The csv file can be downloaded from here.
https://archive.ics.uci.edu/ml/machine-learning-databases/00195/
fid = fopen('Train_Arabic_Digit.txt','rt');
traindata = textscan(fid, '%f%f%f%f%f%f%f%f%f%f%f%f%f', 'MultipleDelimsAsOne',true, 'Delimiter','[;', 'HeaderLines',1);
fclose(fid);
% Each line in Train_Arabic_Digit.txt or Test_Arabic_Digit.txt represents
% 13 MFCCs coefficients in the increasing order separated by spaces. This
% corresponds to one analysis frame. Lines are organized into blocks, which
% are a set of 4-93 lines separated by blank lines and corresponds to a
% single speech utterance of an spoken Arabic digit with 4-93 frames.
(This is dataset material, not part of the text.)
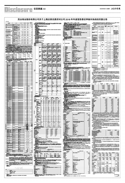 茂业商业股份有限公司关于上海证券交易所对公司2018年年度报告事后审核问询函的回复公告
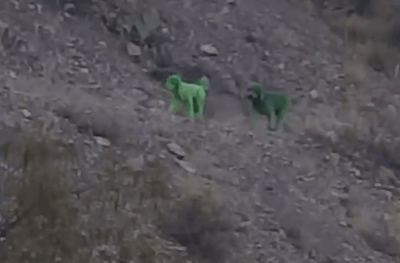 A El Paso nei pressi del McKelligon Canyon alcuni escursionisti hanno effettuato delle riprese piuttosto sconcertanti, segnalando la presenza di due cani color verde. Non si tratta di piccoli esseri alieni, né tanto meno di uno scherzo o una bravata. Infatti, i cani, due barboni, di nome Millie e Max, appartengono ad un signore che vive in una tenuta a ridosso del canyon.

% Each spoken digit is a set of consecutive blocks.
% TO DO: how get blocks...split? with /n?
% In Train_Arabic_Digit.txt there are 660 blocks for each spoken digit. The
% first 330 blocks represent male speakers and the second 330 blocks
% represent the female speakers. Blocks 1-660 represent the spoken digit
% "0" (10 utterances of /0/ from 66 speakers), blocks 661-1320 represent
% the spoken digit "1" (10 utterances of /1/ from the same 66 speakers
% 33 males and 33 females), and so on up to digit 9.
content = fileread( 'Train_Arabic_Digit.txt' ) ;
default = regexp(content,'\n','split');
digit0=[];
digit1=[];
digit2=[];
digit3=[];
digit4=[];
digit5=[];
digit6=[];
digit7=[];
digit8=[];
digit9=[];
blockcount=0;
a=0;
for i=1:1:length(default)
if strcmp(default{i},' ')
blockcount=blockcount+1;
else
switch blockcount % currently only works for blockcount=1 even though
%it does pick up the number of blocks...
case blockcount>0 && blockcount<=660 %why does it not recognize 2 as being<660
a=a+1;
digit0=[digit0 newline default{i}];
case blockcount>660 && blockcount<=1320
digit1=[digit1 newline default{i}];
case blockcount<=1980 && blockcount>1320
digit2=[digit2 newline default{i}];
case blockcount<=2640 && blockcount>1980
digit3=[digit3 newline default{i}];
case blockcount<=3300 && blockcount>2640
digit4=[digit4 newline default{i}];
case blockcount<=3960 && blockcount>3300
digit5=[digit5 newline default{i}];
case blockcount<=4620 && blockcount>3960
digit6=[digit6 newline default{i}];
case blockcount<=5280 && blockcount>4620
digit7=[digit7 newline default{i}];
case blockcount<=5940 && blockcount>5280
digit8=[digit8 newline default{i}];
case blockcount<=6600 && blockcount>5940
digit9=[digit9 newline default{i}];
end
end
end
That's because you have somehow confused if-else syntax with switch-case. Note that an expression like blockcount>0 && blockcount<=660 always returns a logical value, meaning it's either 0 or 1. Now, when blockcount is equal to 1, first case expression also results 1 and the rest result 0, so, 1==1 and first block runs. But when blockcount becomes 2, the first case expression still results 1 and 2~=1 so nothing happens!
You can either use if-else or change your case expressions to cell arrays containing ranges of values. According to docs:
The switch block tests each case until one of the case expressions is
true. A case is true when:
For numbers, case_expression == switch_expression.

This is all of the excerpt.